In overleg met de werkgroep en de klankbordgroep is besloten om geen systematische zoekactie uit te voeren voor deze uitgangsvraag, maar de informatie op niet-systematische wijze te vergaren.

    • EN. Ergotherapie bij COPD. Standaard van Ergotherapie Nederland. Utrecht: Ergotherapie Nederland (EN). 2016.
    • GLIM. GLIM criteria for the diagnosis of malnutrition - A consensus report from the global clinical nutrition community. Clin Nutr. 2019 Feb;38(1):1-9.
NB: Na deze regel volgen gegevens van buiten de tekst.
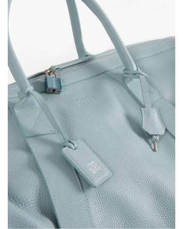 Light blue genuine leather duffel bag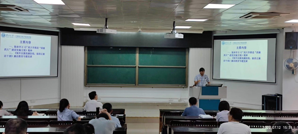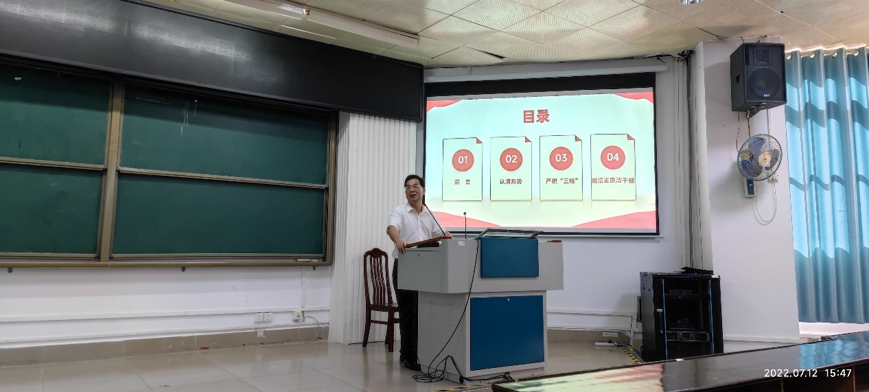 本次大会首先由学院党委副书记、纪委书记邓珍琪同志带领全体教职工共同学习《3522vip浦京集团官网推进“清廉西大”建设实施方案》精神;然后邓珍琪同志为全体教职工作题为《筑牢反腐倡廉防线,做清正廉洁干部》廉洁教育专题党课;最后学院党委书记钟诚同志强调要求全体教职工必须高度重视廉洁教育,要将廉洁廉政教育与课程思政有机结合,做到让廉洁文化深入师生心中、廉洁理念成为共识、廉洁自律意识时刻牢记。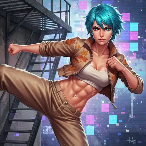 6 days ago 24-year-old European girl, Niji anime style, very sensual look, very hot girl, beautiful charismatic girl, really hot photo, capelli castani, athletic body, a wonderful figure, abs, toned, belly button piercing in the shape of a star with a diamond, full-length photo, athletic woman in her mid-twenties with a short, neon blue pointed haircut, soft and visible ribs, flat and toned stomach, small breasts, short light brown autumn jacket, low-waisted sand-colored trousers, dynamic martial arts kick pose, direct gaze at the viewer, half-length shot, background of an urban fire escape, loading screen of the digital world with a pixelated background, in the style of Jessica Drossin, life-size figures ac417c96de7 0 9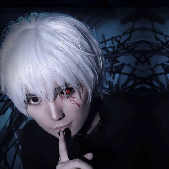 High Quality Tokyo Ghoul Ken Kaneki Wigs 30cm Silver Heat Resistant Synthetic Hair Cosplay Wig + Ma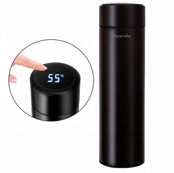 Termohrnek KAMILLE - v autě nepostradatelný, ideální pro práci nebo delší výlety, v chladnějších i teplých dnech. Termoska byla vyrobena z nejkvalitnějších izolačních materiálů, díky čemuž udržuje teplotu obsahu po dlouhou dobu, což můžete zkontrolovat jediným pohybem na dotykovém čitelném LED displeji. Dokonale udržuje teplo nebo chlad až 8 hodin a je 100% nepropustný. Jednoduché a pohodlné použití, nárazuvzdorné.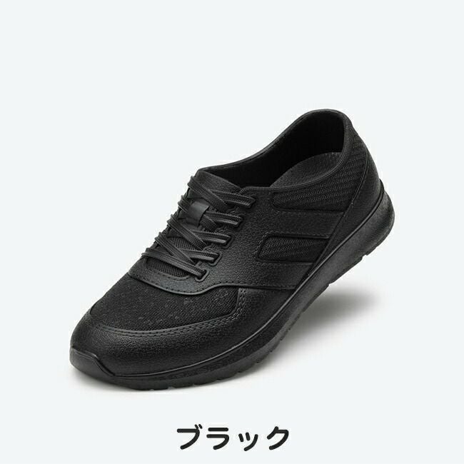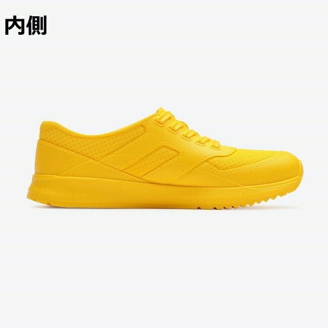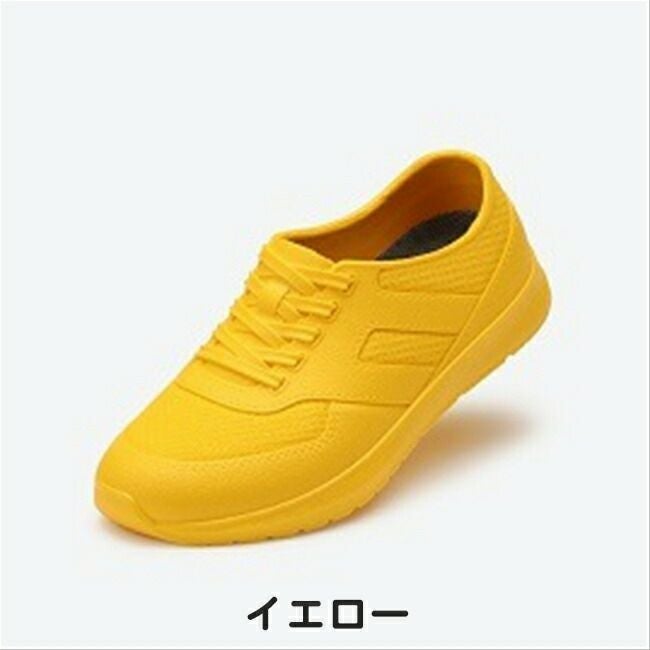 アッパーに靴ひもやメッシュ模様を施す事で、スニーカーのような見た目に仕上げています。天気が崩れそうな日にも見た目を気にせず雨対策が出来ます。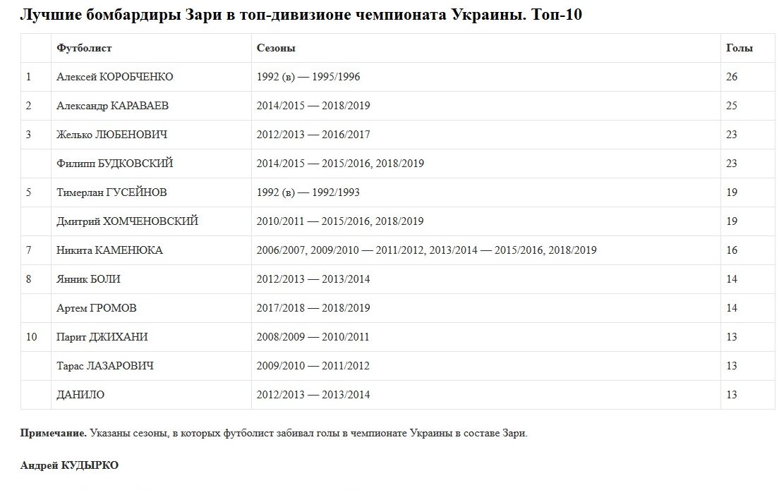 Кто же лидер? Болельщики со стажем с ходу предполагают, что это Тимерлан Гусейнов — знаменитый снайпер ЧУ в 1990-х, именем которого назван клуб украинских бомбардиров, забивших на официальном уровне 100 и больше мячей. Но нет, Гусейнов за Зарю (в первой половине 1990-х — Зарю-МАЛС) забил только 19 голов, а летом 1993 года ушел в Черноморец. Там и развернулся на полную катушку.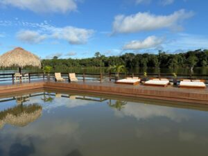 A estrutura inclui piscina natural de água do rio, construída de forma flutuante e com proteção subaquática restaurante que celebra os sabores da culinária regional e internacional, redário para momentos de descanso e uma impressionante torre de observação de 31 metros de altura. Guias especializados e o uso de energia solar reforçam o compromisso do lodge com um turismo sustentável, que respeita e valoriza a riqueza da Amazônia.

    • KNGF. Beroepsprofiel fysiotherapeut. Amersfoort: Koninklijk Nederlands Genootschap voor Fysiotherapie; 2014. LAN. Zorgstandaard COPD. Amersfoort: Long Alliantie Nederland (LAN); 2016.
    • VvOCM. Beroepsprofiel Oefentherapeut. Utrecht: Vereniging van Oefentherapeuten Cesar en Mensendieck (VvOCM); 2015.
    • Zigmond AS, Snaith RP. The hospital anxiety and depression scale. Acta Psychiatr Scand. 1983 Jun;67(6):361-70.